Титовко уловил его немой вопрос и пояснил:
— Этот «орел» один многих стоит. С его помощью я значительно усилю свое влияние на премьер-министра. Я сейчас веду борьбу с аппаратом Администрации Президента…
— С кем? — изумился мэр. — Я не ослышался?
— Нет, не ослышался. Ставки в этой игре огромны. Зато победителю достанется все: власть, страна, сырье и деньги.
— Тогда зачем нам эти выборы? Ты и так уже у власти!
— Это все временно, — пренебрежительно махнул рукой Титовко в сторону кабинета премьер-министра. — Николай Николаевич слишком сентиментален, честен и слаб в коленках. Ему не выиграть: здесь нужны акульи зубы и когти льва. Вот когда я стану во главе государства, тогда уберу всех этих слюнтяев!
— И меня? — как-то жалобно спросил мэр.
— Ну что ты! У тебя огромный опыт: ты уже не раз расталкивал соперников и топил их в крови.
Петраков поморщился. На что хозяин кабинета резонно заметил:
— Не криви губы, дурак: в белых перчатках политика не делается. Ты — человек в этих делах прожженный. Такие нашей партии очень нужны.
— А Джевеликян?
— Что Джевеликян? Мафия существует во всех государствах мира. Но мы ее поставим в определенные рамки. А пока господин Мягди пусть посидит в СИЗО: уж очень он фигура одиозная, нам нужен безукоризненный имидж борцов за справедливость.
— Как посидит? — подскочил в мягком кресле Петраков. — Я его вчера видел живым и здоровым!
— Он и сейчас здоров. Но — в камере. Наш общий друг Усков его арестовал. Между прочим, возможно, и благодаря вашей дурацкой перестрелке!
Петраков благоразумно промолчал. Он уже полагал, что избежал нравоучений. Но упоминание имени Джевеликяна вернуло разговор на ту стадию, с которой, собственно, он и должен был начаться.

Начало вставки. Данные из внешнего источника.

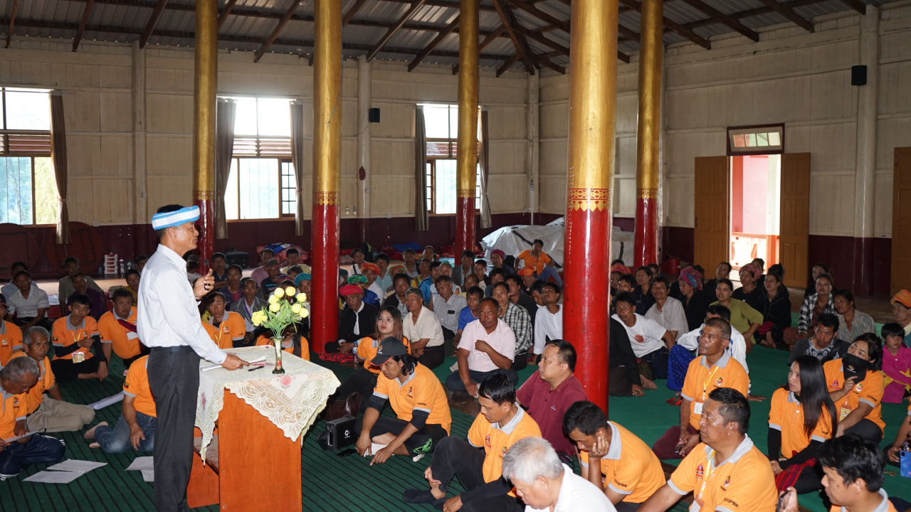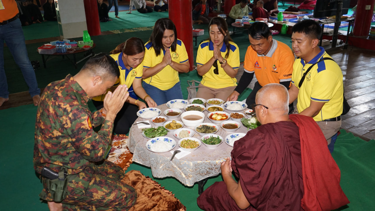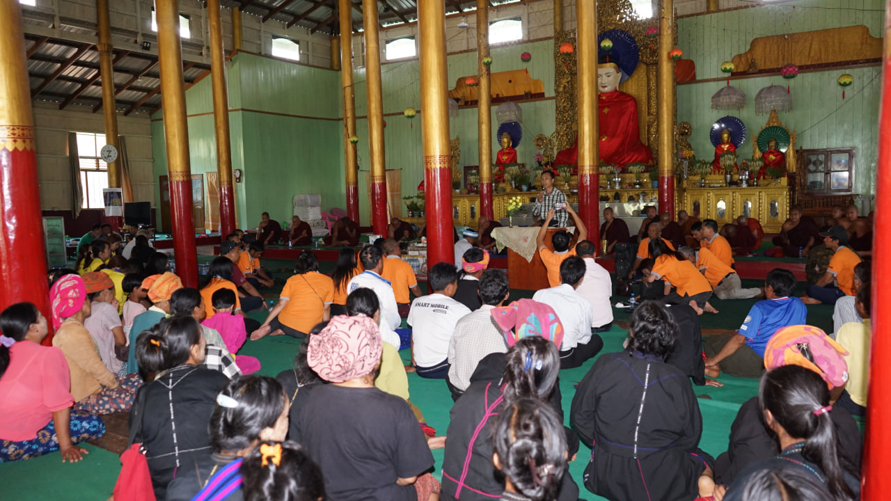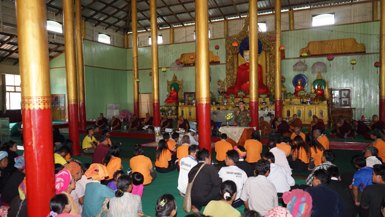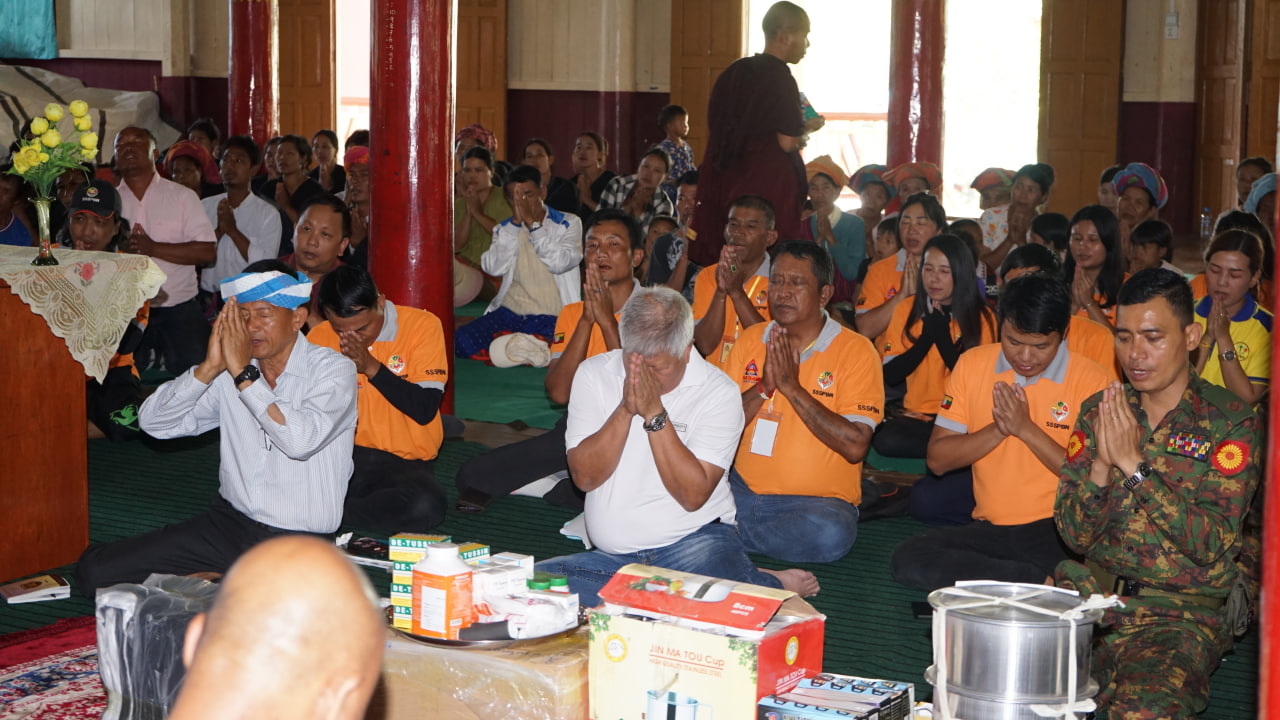ဦးစွာ ပအိုဝ်းကိုယ်ပိုင်အုပ်ချုပ်ခွင့်ရဒေသ စီမံအုပ်ချုပ်ရေးအဖွဲ့ဥက္ကဋ္ဌ ဦးခွန်ရဲထွေးနှင့်အဖွဲ့ဝင်များ၊ ဟိုပုံးတပ်နယ်မှူး ဗိုလ်မှူးချုပ် သိန်းနိုင်၊ မြို့နယ်စီမံအုပ်ချုပ်ရေးအဖွဲ့ဥက္ကဋ္ဌ ဦးမြင့်ထွန်းနှင့် တာဝန်ရှိသူများ၊ အလှူရှင်များက ဆရာတော်၊ သံဃာတော်များအား ဩကာသကန်တော့ကျိုးဖြင့် ရှိခိုး ကန်တော့၍ ဆရာတော်၊ သံဃာတော်များထံမှ ဩဝါဒကထာနှင့် ပရိတ်တရားတော်များကို နာယူဆောက်တည်ကြသည်။ ထို့နောက် ပအိုဝ်းကိုယ်ပိုင်အုပ်ချုပ်ခွင့်ရဒေသ စီမံအုပ်ချုပ်ရေးအဖွဲ့ဥက္ကဋ္ဌ ဦးခွန်ရဲထွေးက မဲနယ်တောင်ဒေသ ရေဘေးသင့်ပြည်သူများအားတွေ့ဆုံ အားပေးစကားပြောကြားပြီး မိုးသည်းထန်စွာရွာသွန်းပြီး မြေပြိုမှုကြောင့် ပိတ်ဆို့နေသည့်လမ်းများ၊ ပျက်စီးသွားသည့် တံတားများအား ဌာနဆိုင်ရာများ၊ ဒေသခံပြည်သူများစုပေါင်း၍ စက်ယန္တရား များအသုံးပြုကာ နေ့စဉ်ရှင်းလင်း ဆောင်ရွက်ပေးနေမှုအခြေအနေများကို လည်းကောင်း၊ ဟိုပုံးတပ်နယ်မှူး ဗိုလ်မှူးချုပ် သိန်းနိုင်က မဲနယ်တောင်ဒေသရှိ ရေဘေးသင့်ပြည်သူများအား အားပေးစကား ပြောကြားသည်။ ယင်းနောက် ရှမ်းပြည်နယ် စားနပ်ရိက္ခာ ထောက်ပံ့ရေးကော်မတီဥက္ကဋ္ဌ ဦးသိန်းဟန်က စားသောက်ဖွယ်ရာများနှင့် အခြားအသုံးအဆောင်ပစ္စည်းများ လှူဒါန်းထောက်ပံ့ရခြင်းနှင့်ပတ်သက်၍ ရှင်းလင်းပြောကြားသည်။ ထို့နောက် အလှူရှင်များက နောင်တောင်းပရဟိတတပ်ဦးဘုန်း တော်ကြီးကျောင်းဆရာတော်နှင့် လုံးဟီးကျေးရွာဘုန်းတော်ကြီးကျောင်း ဆရာတော်တို့အား အလှူငွေများဆက်ကပ်လှူဒါန်းကြ သည်။

— В этой мерзкой истории ты себя показал не лучше Мягди! — все-таки выговорил ему Титовко. — Нам сейчас надо быть кристально чистыми: чтоб ни единого пятнышка. Иначе конкуренты смешают с грязью. Так что до выборов — никаких баб. Тем более таких скандальных, как эта журналистка. Она, насколько я понял, на все способна: и юбку задрать, и грязный пасквиль напечатать. Договорились?

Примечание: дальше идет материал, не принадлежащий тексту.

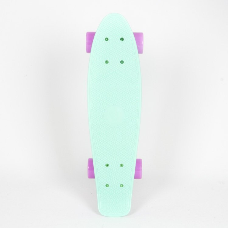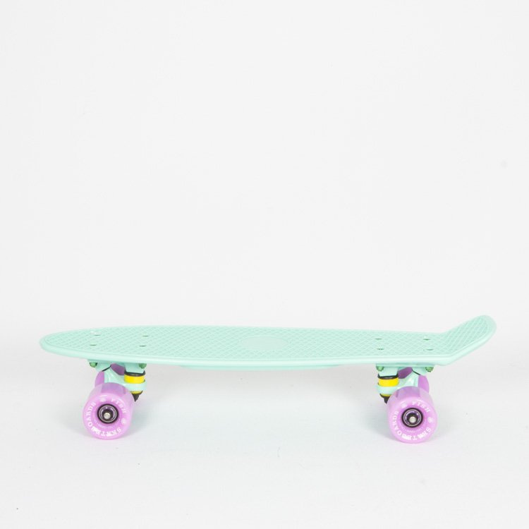 Plastikowa deskorolka Fish Skateboards w kolorze miętowym. Jest to oryginalny produkt od polskiego producenta, nawiązujący do oldschoolowych plastikowych cruiserów z lat 70-80-tych. Fishboard jest idealny dla osób w każdym wieku. Fiszka swoimi wymiarami oraz niską wagą czyni ją mega kompaktową - schowasz ją do plecaka czy bez problemu zabierzesz w każdą podróż, do szkoły czy pracy. Deskorolka jest bardzo wszechstronna i sprawdzi się z pewnościa do miejskiego cruisingu czyli swobodnej, miejskiej jazdy.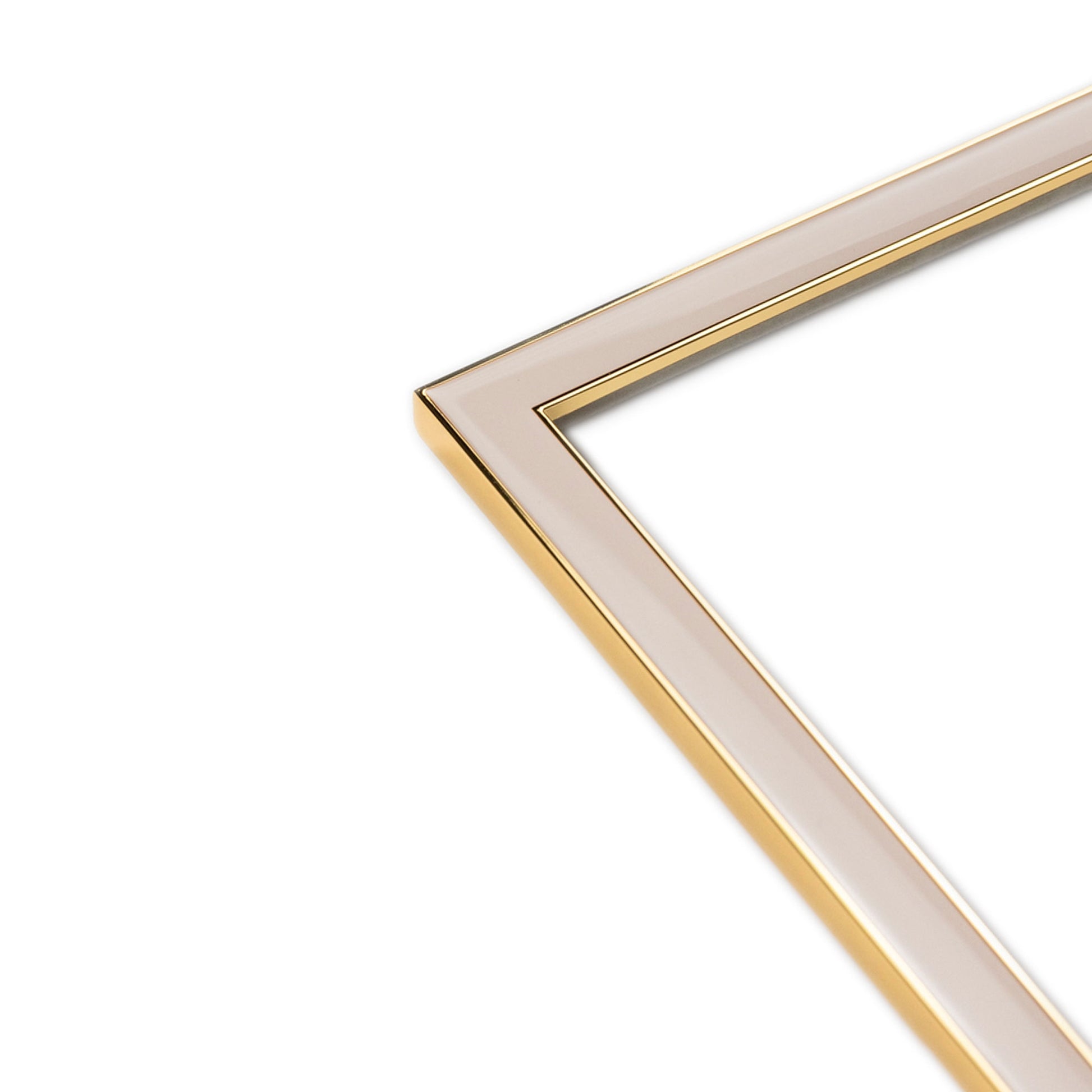 This modern tabletop picture frame is a stylish way to display your favorite memories. Featuring a pastel pink enamel ½” border finished with gold trim and gray velvet backing, this frame can accommodate both landscape and portrait photos.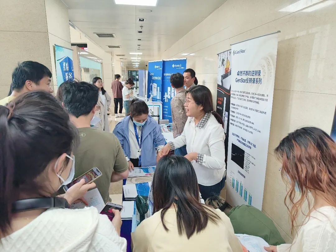 本次北京科院行,GenStar的核心產(chǎn)品成為了中科院師生們重點(diǎn)的關(guān)注對象,其中特別是高保真酶、DNA Marker、一管化反轉(zhuǎn)錄等產(chǎn)品是關(guān)注人氣最高的產(chǎn)品。GenStar特意準(zhǔn)備了這些產(chǎn)品的試用裝直接現(xiàn)場派發(fā),眾多師生紛紛簽字登記領(lǐng)取,兩天內(nèi)就派發(fā)出上百份。老客戶驚喜于產(chǎn)品的疊代升級,新朋友則對試用滿懷期待,無論新老客戶,都能在GenStar的展臺得到滿意的收獲。
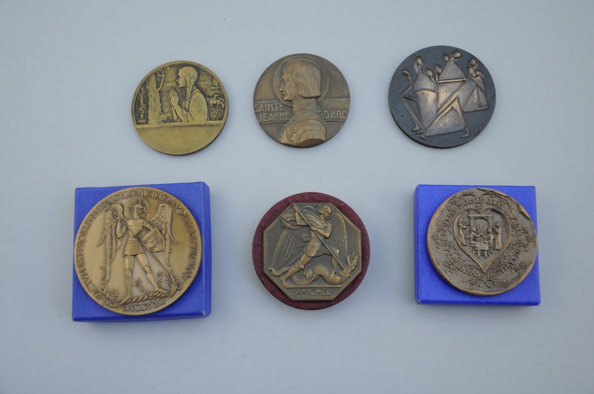 - La deuxième: Médaille du millénaire du Mont Saint-Michel. A/ Saint Michel Archange terrassant le dragon. Signature M. Charon. R/ Vue du Mont Saint-Michel. .CMLXVI . MCMLXVI.
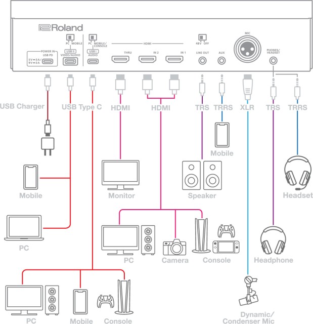 Uz Bridge Cast X možete se usredotočiti na stvaranje – od online igranja do podcasta, vlogova i drugog videosadržaja – i ne gnjaviti se s kabelima i raznim specijaliziranim dodacima. Integrirani dizajn pojednostavljuje povezivanje i smanjuje gužvu kabela, dok vam intuitivno sučelje omogućuje besprijekorno miksanje zvuka i kontrolu svih funkcija koje su vam potrebne. Uz višestruke USB-C i HDMI priključke (samo jedan HDMI ulaz može biti aktivan istovremeno, besprijekorno prebacivanje uživo između HDMI ulaza nije podržano), možete povezati sve svoje uređaje i izbjeći promjenu postavki svaki put kada želite streamati zakazani stream. ručno povezati sve.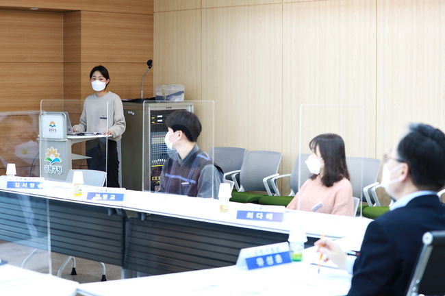 2021년 1월 겨울방학 대학생 아르바이트 중 `구정제안단 프로그램`에 참여한 청년들이 자신들이 기획한 구정 사업을 발표하고 있다

Как ни тяжело было Петракову даже на время отказываться от своей пассии, но он не посмел возразить. И сразу сник.
Заметив это, Титовко прошел к встроенному в стену бару, распахнул дверцу, и вспыхнувший свет отразил в зеркальной дали стекла бесчисленные ряды бутылок. По крайней мере так показалось мэру с его места. Тем временем хозяин кабинета вынул одну из них, быстро распечатал и поставил напротив Петракова на столе два хрустальных бокала.
— «Шато» тысяча девятьсот шестьдесят шестого года, — торжественно объявил он, напивая в рюмки душистое вино, словно вручал Вячеславу Ивановичу пуд золота. — Имеется в единственном московском ресторане и стоит тысячу восемьсот долларов бутылка.

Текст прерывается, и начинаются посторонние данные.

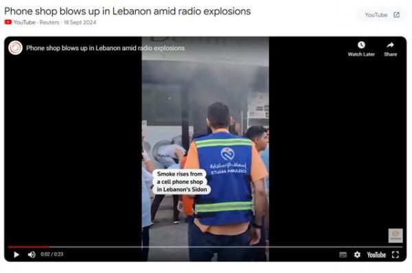 9月18日,路透社报道的视频显示,有黎巴嫩手机店在无线电爆炸事件中被炸毁。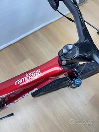 Lee Cougan Rampage Innova Team colorazione del 2023 con circa 2 anni di utilizzo e tenuta in modo maniacale non presenta nessun tipo di graffio o segno ed anche la meccanica è in perfetto stato, usata sempre da nostro fidato cliente esclusivamente nei weekend. La bici è montata come da catalogo con forcella Fox 34 Factory da 100mm, gruppo Sram XX1 elettronico a 12 velocità con misuratore di potenza, manubrio integrato Comptrol in carbonio, solo le ruote sono state sostituite con le Roval Control con mozzi Dt Swiss 350 e il reggisella telescopico Switch. Il nuovo modello hardtail di casa Lee Cougan con tecnologia ISS, una piccola sospensione da 35mm integrato al tubo verticale per un maggiore comfort e stabilità nella guida, ma allo stesso la rigidità di una front in salita. Taglia L adatta per altezze da 176 a 185 cm circa.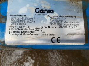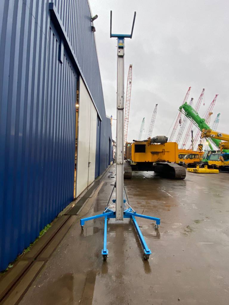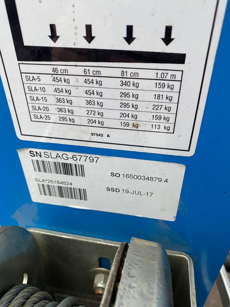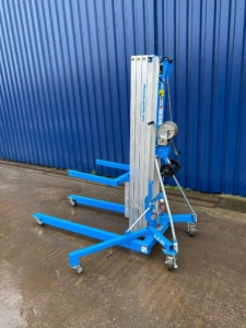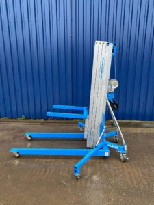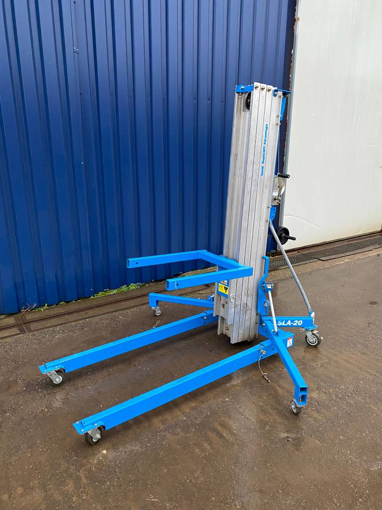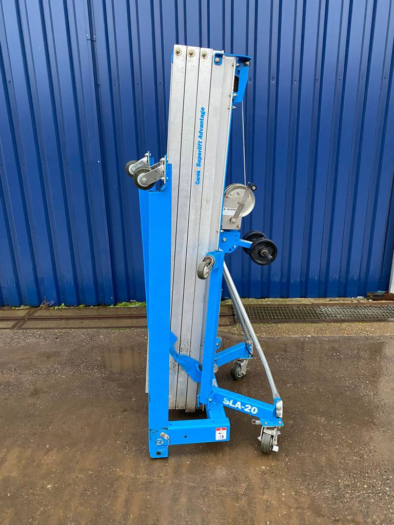 The Genie SLA-20 Superlift Advantage is a sturdy, manually operated push-around material lift that is easy to set up quickly without tools. It has a maximum platform height of 21 ft 2.5 in (6.46 m) and a capacity of 800 lb (363 kg).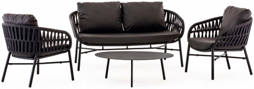 Tahiti - это современный садовый комплект, который создает открытую зону отдыха, подходящую для четырех человек, состоящий из двухместного дивана, двух кресел и журнального столика. Мебель имеет алюминиевый каркас с порошковым покрытием. Диван и кресла дополняются переплетением из каната из полиэстера толщиной 6 мм и подушками на сиденье и спинке. Чехлы на подушках выполнены из текстилена, устойчивого к воздействию ультрафиолетовых лучей и плесени. Журнальный столик Island Big выполнен из алюминия. Столешница - алюминиевый лист толщиной 5 мм.

Однако ни это сообщение, ни вкус вина на Петракова не произвели никакого впечатления.
«Любишь ты деньги на говно тратить, — равнодушно подумал он, залпом проглотив вино. — Лучше бы отдал мне их наличными».
А Титовко бережно, точно драгоценность, взял в руки бокал, покачал им перед носом, вдыхая божественный аромат, и только затем пригубил, надолго задержав глоток вина во рту.
Видя, что для гостя эта реликвия все равно, что дешевый портвейн московского розлива, Титовко решил не переводить на него раритетные напитки. И демонстративно отставил бутылку в сторону.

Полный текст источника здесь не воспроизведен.